The fatigue and crack sensors were used on a Hummer H1 in an Army-sponsored test. They also have applications in civil engineering -- like bridge monitoring.
The team is also working on technology for oil condition monitoring -- again, so you can change the oil when it really needs it, not according to a set schedule that may on the one hand waste oil and on the other hand permit preventable engine damage.
Then it was back to Western's main campus and Haenicke Hall, to the genial Karim Essani, professor of biological sciences, a virologist and cancer researcher, Essani received a $400,000 grant earlier this year from the National Cancer Institute, part of the National Institutes of Health, to develop a new treatment for colorectal cancer using viruses to attack cancer cells without harming normal cells.
Essani said there are perhaps 10 companies and 20 laboratories like his working on virotherapy. The treatment concept holds great promise in that it would target only cancer cells, not normal cells -- eliminating many of the miserable side effects of chemotherapy.
"In order to be really successful in treating cancer, you target either molecules or processes which are unique in the parasite but absent the host," Essani said. "That's very difficult with cancer because cancer is so similar to normal cells, so everything you do to target cancer cells results in massive side effects. Viruses have evolved over billions of years to do just that, target specific cells. For instance, HIV targets only T-1 helper cells."
Essani said he plans to teach the viruses to target only cancer cells. He wouldn't say exactly how for competitive reasons. He's using monkey pox as a vector because, Essani said, it's a minor disease very few people in the United States and Europe have been exposed to it.
My day at Western wrapped up with Jack Luderer, associate dean for research at the School of Medicine. WMU has folded its wildly successful Bioscience Research and Commercialization Center, which Luderer formerly led, into the med school.
Luderer said the BRCC helped a lot of former Pfizer researchers establish companies at the Southwest Michigan Innovation Center, a wet lab space in WMU's technology park. 41n. dsalk The BRCC is now under the auspices of WMU's new School of Medicine.
The BRCC's initial $10 million has funded around 30 companies, among them commercial successes like Proteos, Kalexsyn and CeeTox in Kalamazoo and Cytopherx in Ann Arbor. In August, WMU got $3.8 million from the state to launch BRCC II, which will look for mor biomedical success.

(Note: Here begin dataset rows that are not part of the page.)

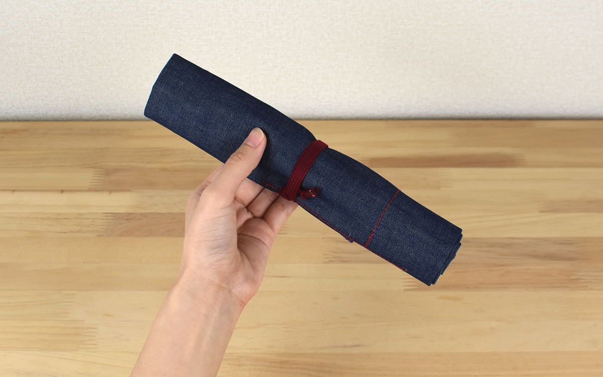 使い方は簡単で、まずはポケットに各カトラリーを収納。上側の生地を折り返してくるくると巻き、端にある紐を巻きつけて留めるだけです。実際に使用してみましたが、プラスチックケースと違ってカチャカチャ鳴らないのがGOOD。なお説明書きには「箸にとらわれることなかれ 入れて便利なものを収納すれば良し」との文言が添えられているので、たとえば文房具やメイク道具の収納にも便利ではないでしょうか。
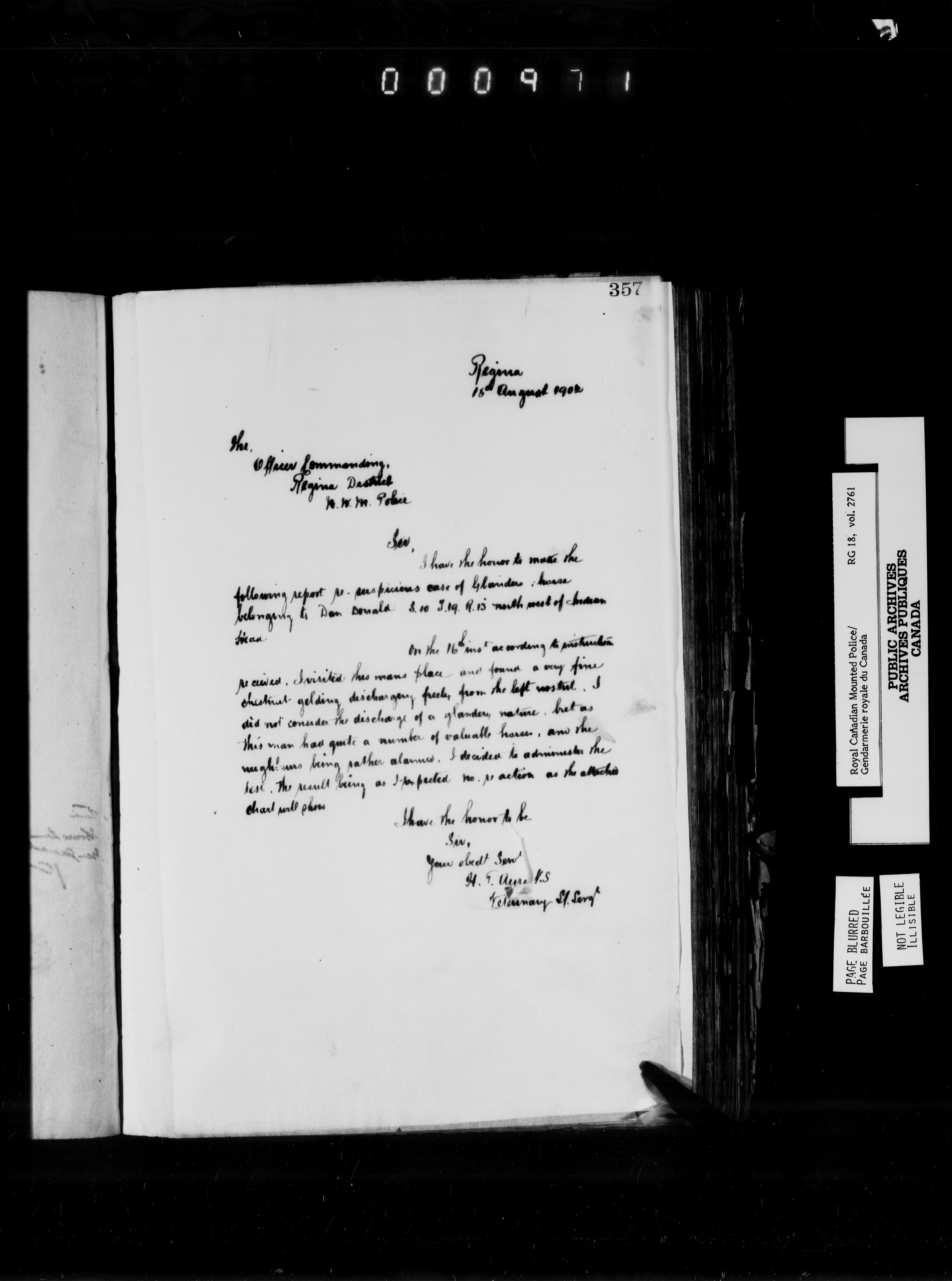 Royal Canadian Mounted Police, Office of the Commissioner: letterbooks relating to sick horses : T-6977
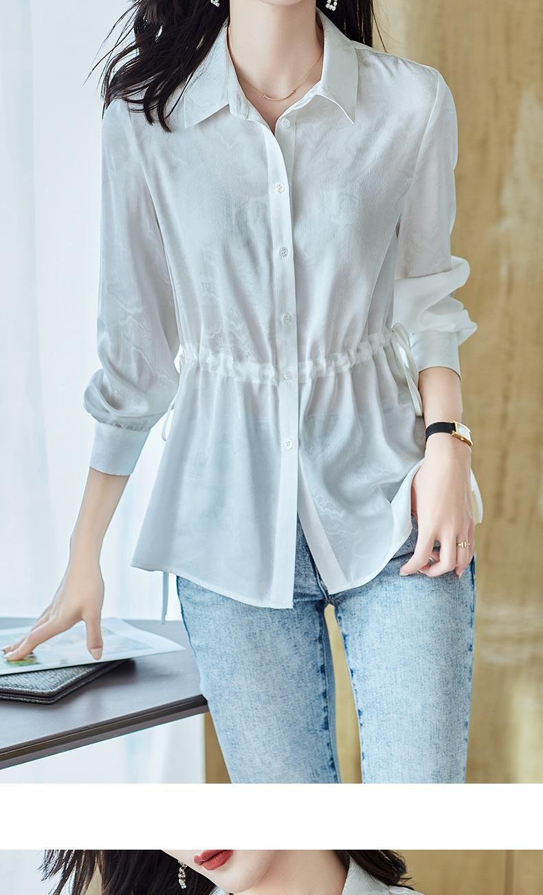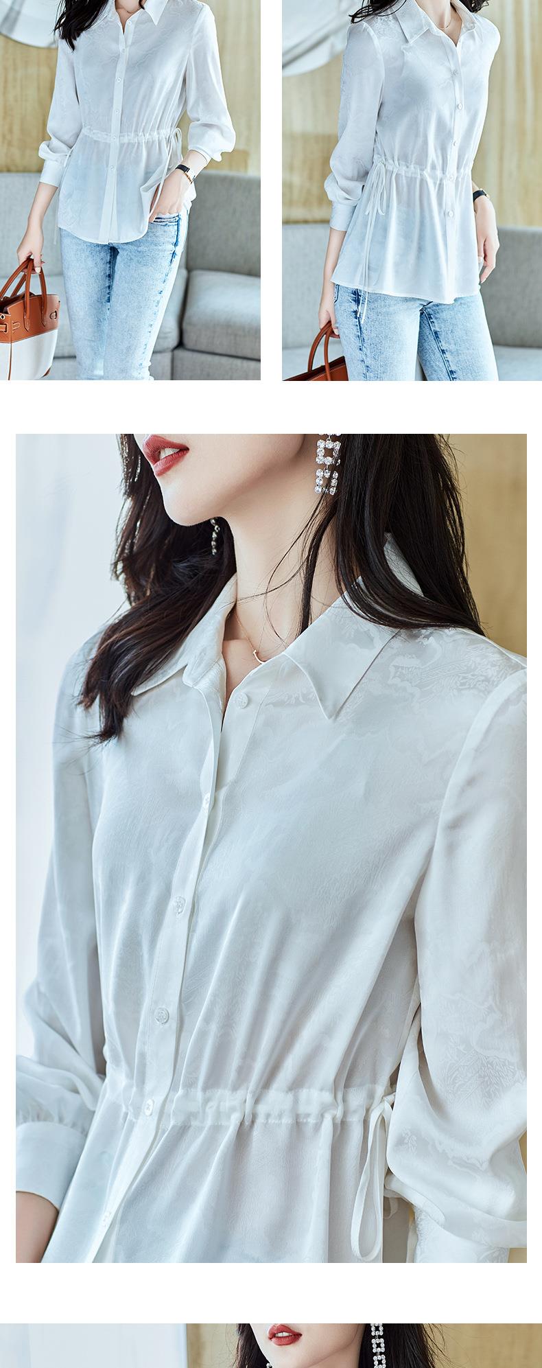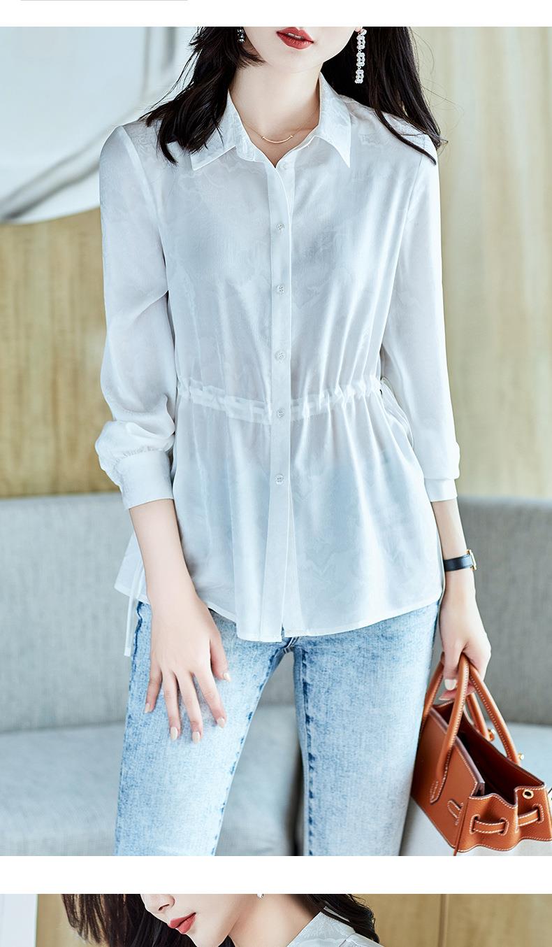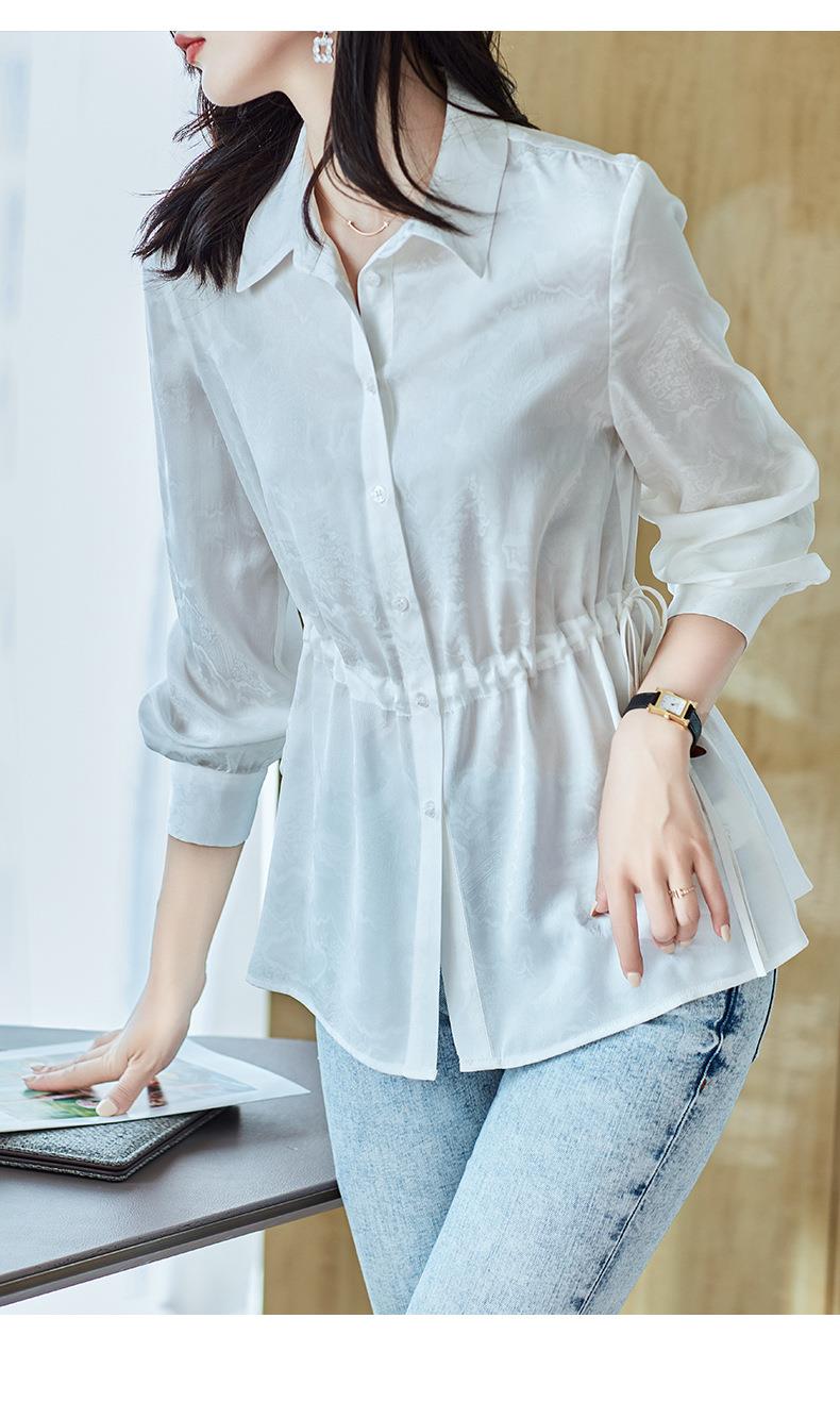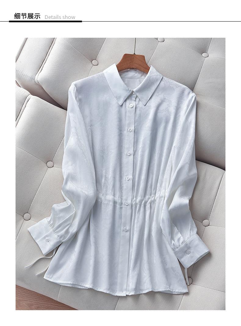 2023秋装新款衬衫女长袖宽松雪纺衫白色女士衬衣A2680

Luderer noted that unlike most government venture funds, 10 percent of its returns go back to the state of Michigan.
Like everyone else connected with the medical school, also, he wouldn't tell me where the dang thing is going to be built -- downtown, east side, west side or wherever. Soon enough, I suppose, we'll see.
And so another fabulous day came to a conclusion on the Michigan high-tech road. I can't say much about Kalamazoo that hasn't been said before -- it's a pretty place full of hard-working people with a lot of education and skill. It's one of only a few metropolitan areas in the state where the local economy is growing substantially, and with these folks at work it's easy to see why. Thursday's tour stop: Michigan State!